Saturday Night Live is hiring. Upon further investigation, I have found that I am qualified for none of their open positions, but I went ahead and wrote a cover letter in case something opens up. After all, who wouldn’t want to work for Saturday Night Live. (Best job ever?) Here’s what I came up with:
Dear Mr. Lorne Michaels:
I wish to be considered for the position of [insert position] for Saturday Night Live. My previous work experiences and my personality make me an excellent candidate for this position.
I have previously worked in live television, so I am no stranger to the fast-paced and ever-changing nature of live television.

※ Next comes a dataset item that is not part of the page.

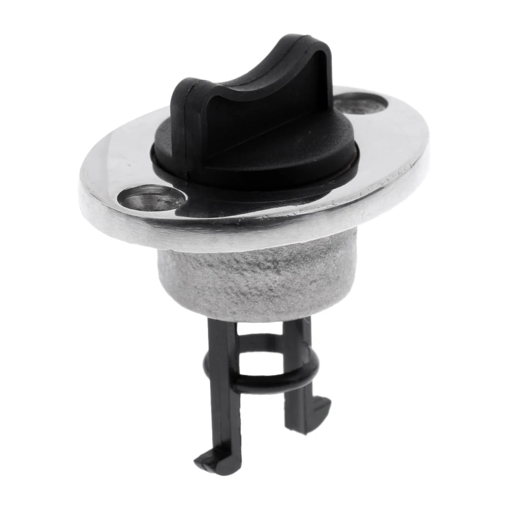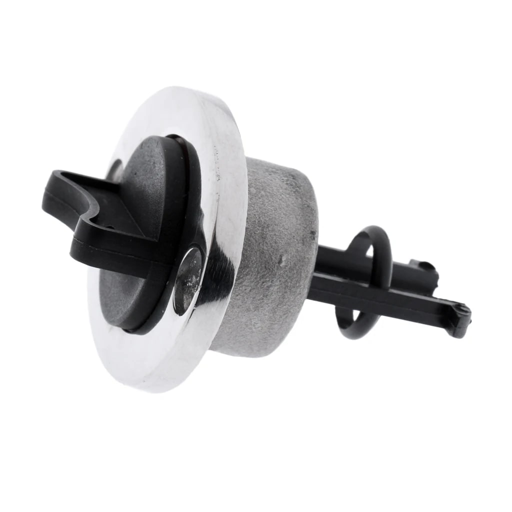 Пробка в сборе из нержавеющей стали, с резиновым кольцом уплотнения. Может использоваться на надувных и пластиковых судах. Пробка имеет стопоры для фиксациив открытом положении.

I delivered the news to the hard of hearing on air by projecting the day’s top stories at the top of my lungs. Following that, I translated the local headlines into opera songs and performed them on air. I also have on-air sales experience. I had a brief television stint selling Super Bass-o-matic ’76. Working as a [insert position] for Saturday Night Live is the next logical step in my career path, as I am not quite ready for prime time.

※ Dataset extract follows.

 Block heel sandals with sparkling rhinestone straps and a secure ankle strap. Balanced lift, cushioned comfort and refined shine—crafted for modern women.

As your future [insert position], you will come to know my personality very quickly. A little bit about my personality–I recently quit smoking so now, I’m depressed, I gained weight, my face broke out, I’m nauseous, I’m constipated, my feet swelled, my gums are bleeding, my sinuses are clogged, I got heartburn, I’m cranky and I have gas. I come from France and yet I’ve always had a deep love for Pat Sajak. In my youth, I was very energetic, some might even say hyperactive–one time, my mom gave a Snickers bar and a can of coke and I towed the car home. When I’m not answering my front door for clever sharks, you’ll find me chopping broccoli or rocking out to the hits of Buckwheat. Because when Buckwheat sings, it is eternal. (And I hate to admit, I am always wookin pa nub in all the wrong places.)
I would make an excellent receptionist because I’m 50 years old and I like to kick! And stretch! And kick! Despite recent grapples with depression due to cessation of smoking, I maintain a positive outlook in the work place that will boost staff morale. For instance, if a co-worker named Rich is Xeroxing something, I’ll cheer him on: “It’s the Rich-meister, makin’ copies!” Aside from my previous work experience and my personality, you’ll also find that I’m a team player. In fact, to prove how I always take one for the team, I have enclosed a check for $3000 made out to the Beatles.
I look forward to discussing this position with you further. Goodnight and have a pleasant tomorrow. Buh bye.